> _PROBLEM TO SOLVE_: Starting at the first line of the entries below, please return exactly each line up to and including the one with "-Низкий угол съемки, потяните"; pictures stay out.

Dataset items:
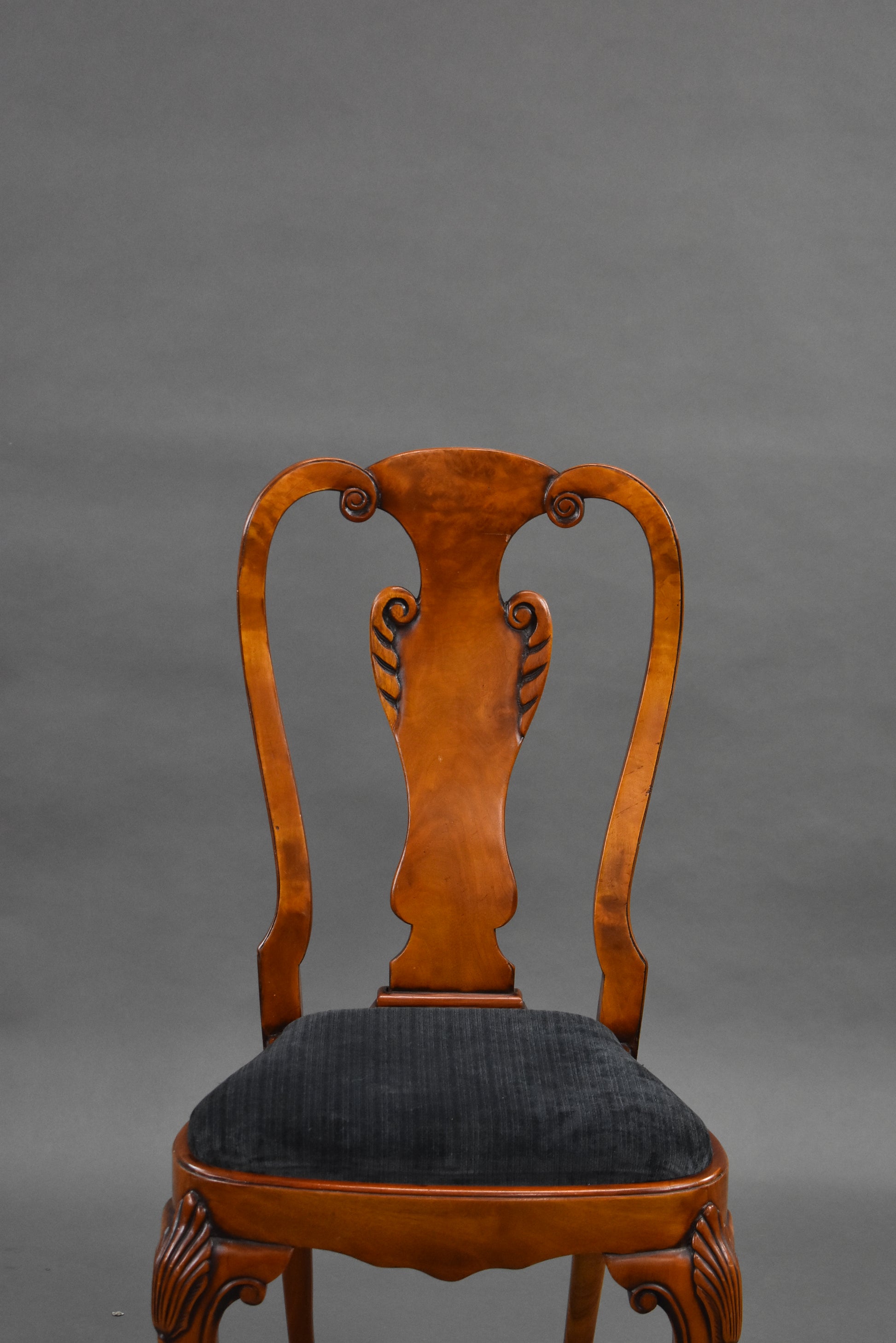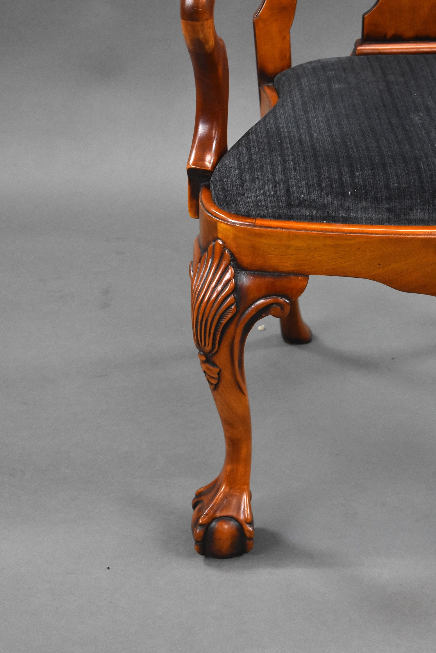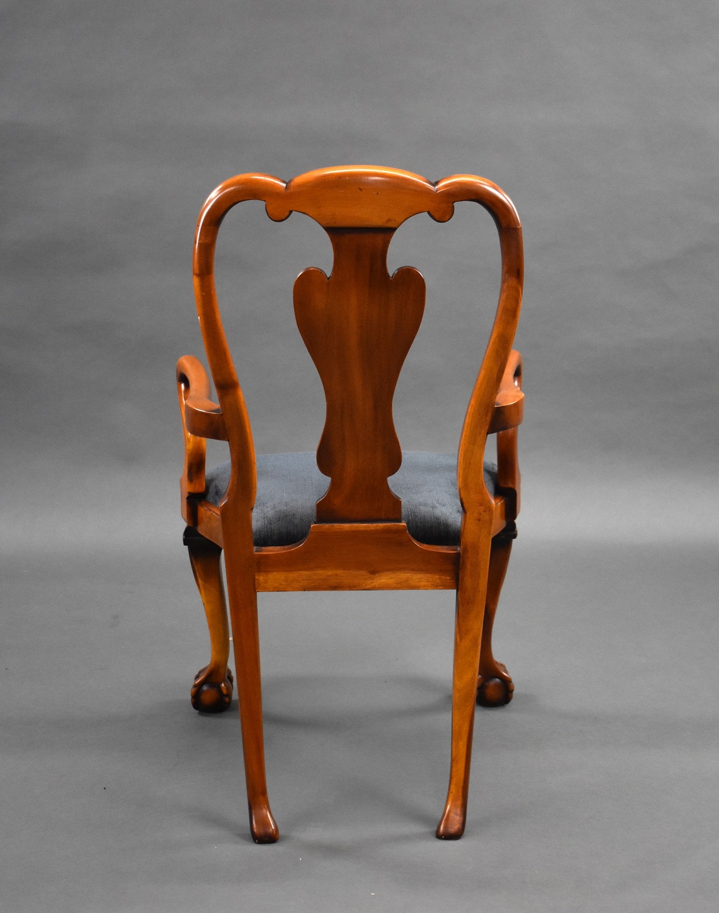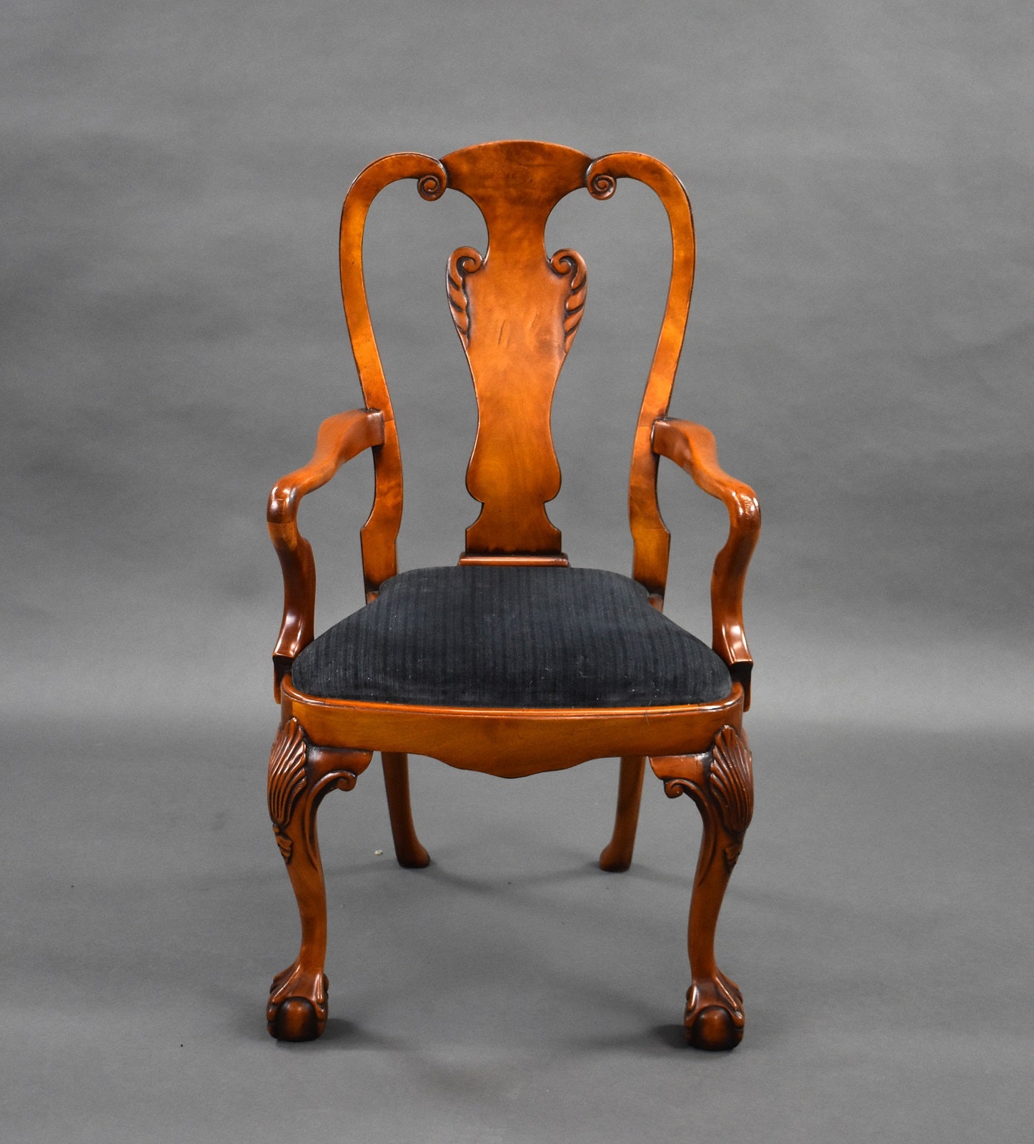 Set of ten George II style walnut dining chairs comprising of eight single chairs and two carvers with drop in seats, all upholstery in very good condition. The chairs have nicely shaped backs with carved shell on each cabriol leg terminating to claw and ball feet.
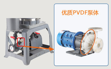 杰凱酪酸過(guò)濾機(jī)配備的泵浦主體部分材質(zhì)為PVDF材質(zhì),具有很強(qiáng)的耐腐蝕性,能完全滿(mǎn)足鉻酸鍍液循環(huán)過(guò)濾工作要求,有效提高了過(guò)濾機(jī)的效力和使用壽命。
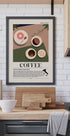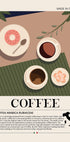 En italiensk-inspireret plakat, der viser en oversigt af kaffekopper, en dessert og sukkerknalder på et bord. Plakaten fremhæver kaffens historie og produktionsproces med fokus på den italienske espresso-tradition. Perfekt til caféer, kaffeelskere og entusiaster af italiensk kultur.
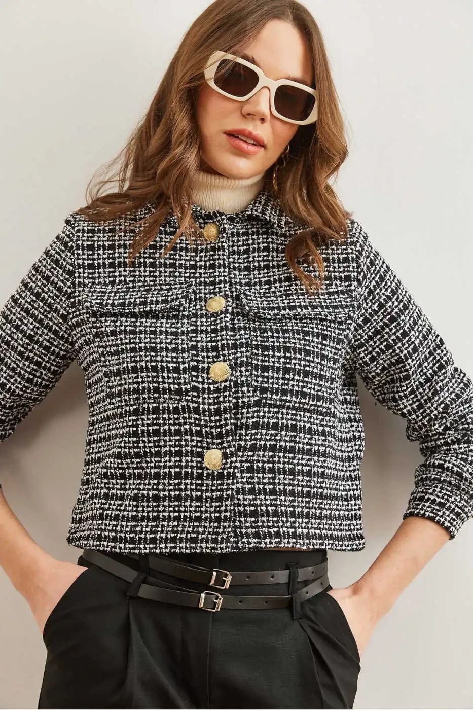 Introducing the Women's Black Pocketed Buttoned Glitter Detail Tweed Jacket, a wardrobe staple that combines style and comfort.
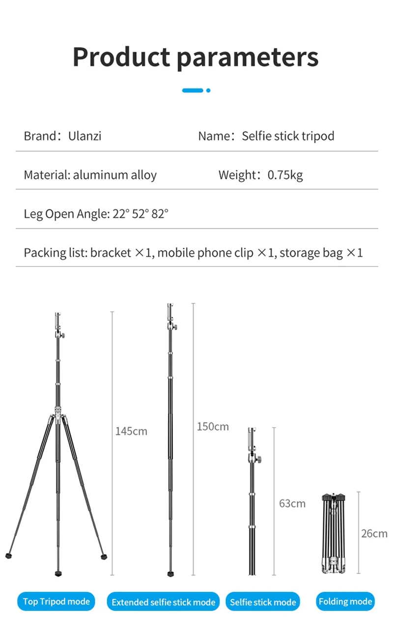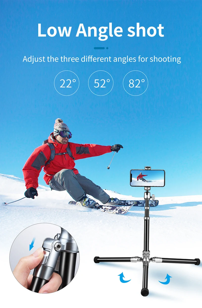 -Низкий угол съемки, потяните замок скольжения, чтобы зафиксировать штатив на три разных угла для съемки 22 ° 52 ° 82 °
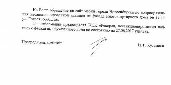 Номер жалобы:19312 Тип жалобы:Иные проблемы ЖКХ Название объекта:Управляющая Компания Регион:Новосибирская область Город:Новосибирск Адрес:ул. Гоголя, 39 Описание жалобы:Надписи на доме Статус:
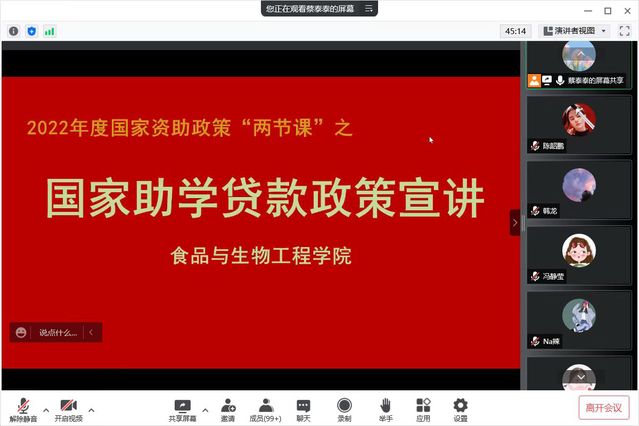 为广泛宣传国家资助政策,进一步落实好国家资助政策宣传“两节课”工作,食品与生物工程学院于5月27日召开2022年度国家资助政策线上宣讲会,资助专项老师蔡晨阳、各班班长团支书、组宣委员以及学生代表参加了本次会议。
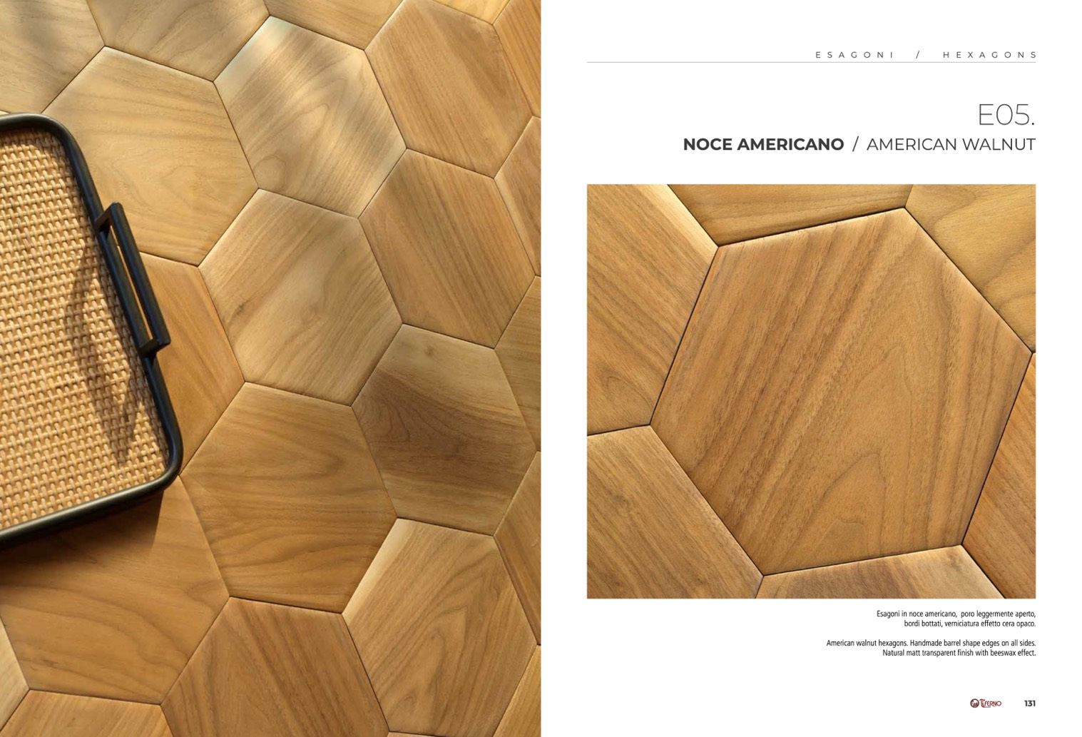 American walnut hexagons. Handmade barrel shape edges on all sides.
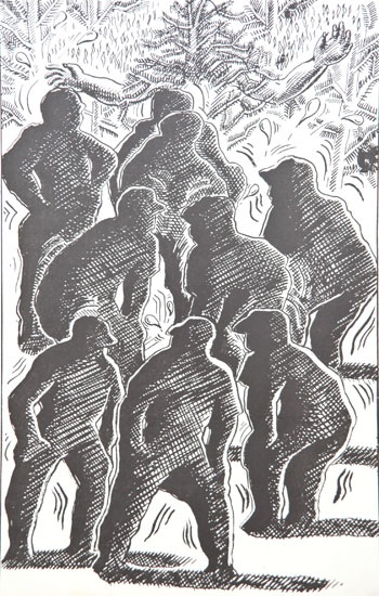 paintings, woodcuts and collagraphs
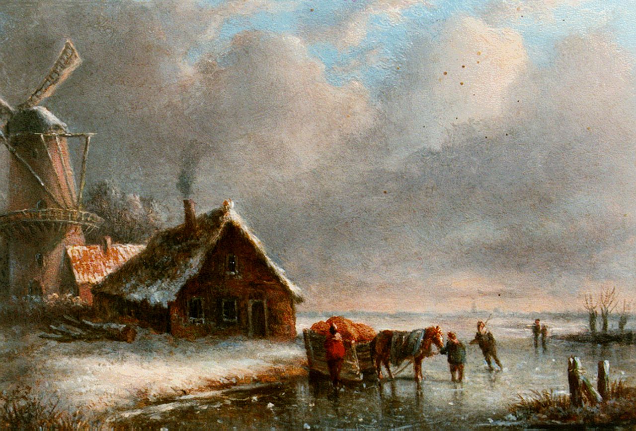 Adrianus Cornelis Slingerland Kunstwerk • Gemälde • zuvor zu verkaufen A winter landscape with a horse-sledge
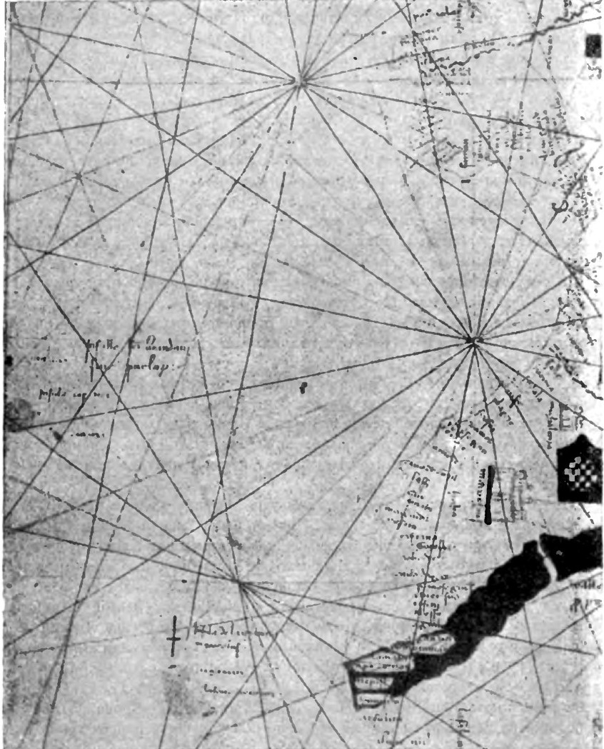 Главная причина чудовищной путаницы на морских картах XIV—XV вв., а частично и XVI в. в количестве, положении и названиях островов Атлантики, путаницы, отражающейся на исследованиях и по сей день, заключалась в следующем. Картографы не сразу распознавали идентичность различных островов, вторично открывавшихся начиная с 1312 г., с островами, названия которых восходили к Плинию и Птолемею и были заимствованы из литературных источников древнего мира. Случилось так, что перепутанные античные и новые названия островов в конечном счете были все вместе помещены в Атлантическом океане усердными картографами. Вот почему уже к 1350 г. на картах фигурировали названия гораздо большего числа островов Атлантического океана, чем их было открыто до того времени или чем их имелось в действительности к западу от Гибралтарского пролива. В гл. 147 мы подробнее остановимся на том, к каким нелепым заблуждениям и ошибочным толкованиям, не искорененным и по сей день, привели многочисленные фантастические надписи на старинных картах.
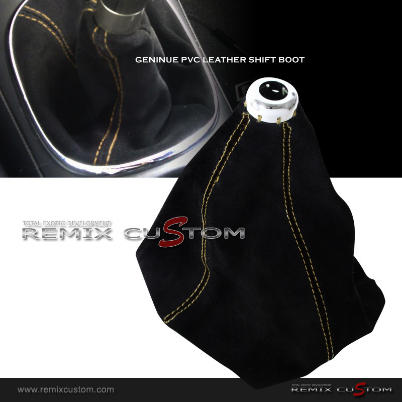 This is a Universal Black Suede Shift Boot with Yellow Stitch for most car models with stick shift. This Black Suede Shift Boot is made with high quality suede leather and accented with Red stitch. It is a perfect add on or replacement for your current shift boot. It is a universal fit and simple to install. Get this Black Suede Shift Boot today and give your car interior a fresh and upgraded appearance.
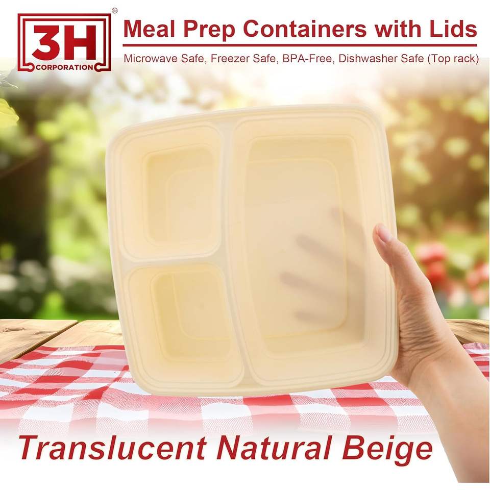 กล่องเตรียมอาหาร 3H ขนาด 45 ออนซ์ แบบ 3 ช่อง 100 กล่อง/ลัง, 200 ชิ้น พร้อมฝาปิด, กล่องอาหารแบบพกพา, ใช้กับไมโครเวฟ/เครื่องล้างจาน/ช่องแช่แข็งได้
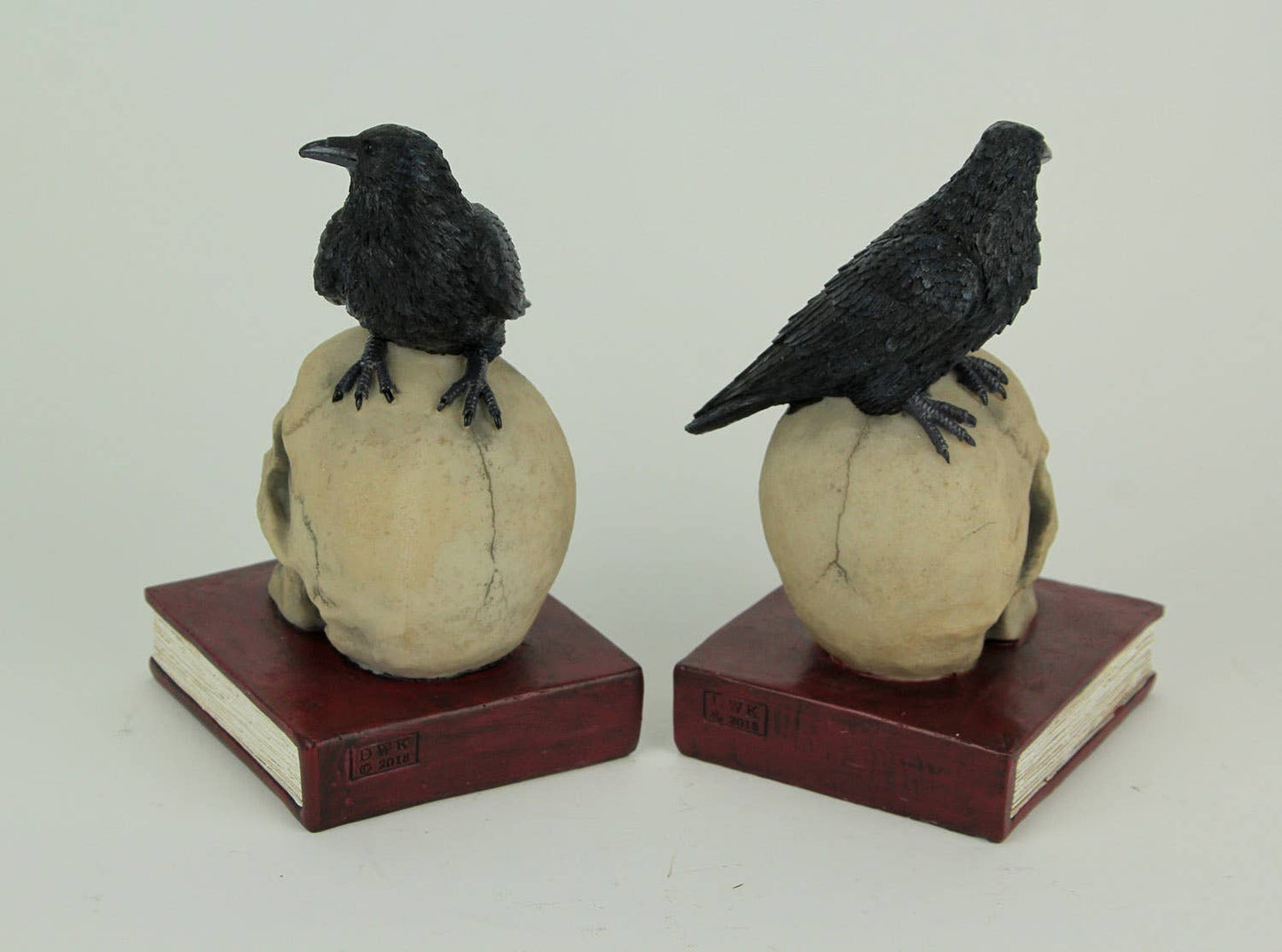 Straight out of a gothic nightmare, these mystical shape shifters quietly perch on old human skulls, not daring to make a sound for they just might wake the dead. Bring a touch of the macabre to your decor with this resin raven and skull bookend set sure to keep your book collection in line. Let them hold up a few books or you can display them for their creep-tastic looks alone on a side table or mantel, and placing a potted plant in between creates a creepy cool look that brings a touch of dark charm into your living space. This set of 7 inch high, 4.5 inch long, 4 inch wide skull and raven bookends bring a touch of poetic mystery to any decor setting

> _SOLUTION_:
 Set of ten George II style walnut dining chairs comprising of eight single chairs and two carvers with drop in seats, all upholstery in very good condition. The chairs have nicely shaped backs with carved shell on each cabriol leg terminating to claw and ball feet.
 杰凱酪酸過(guò)濾機(jī)配備的泵浦主體部分材質(zhì)為PVDF材質(zhì),具有很強(qiáng)的耐腐蝕性,能完全滿(mǎn)足鉻酸鍍液循環(huán)過(guò)濾工作要求,有效提高了過(guò)濾機(jī)的效力和使用壽命。
 En italiensk-inspireret plakat, der viser en oversigt af kaffekopper, en dessert og sukkerknalder på et bord. Plakaten fremhæver kaffens historie og produktionsproces med fokus på den italienske espresso-tradition. Perfekt til caféer, kaffeelskere og entusiaster af italiensk kultur.
 Introducing the Women's Black Pocketed Buttoned Glitter Detail Tweed Jacket, a wardrobe staple that combines style and comfort.
 -Низкий угол съемки, потяните замок скольжения, чтобы зафиксировать штатив на три разных угла для съемки 22 ° 52 ° 82 °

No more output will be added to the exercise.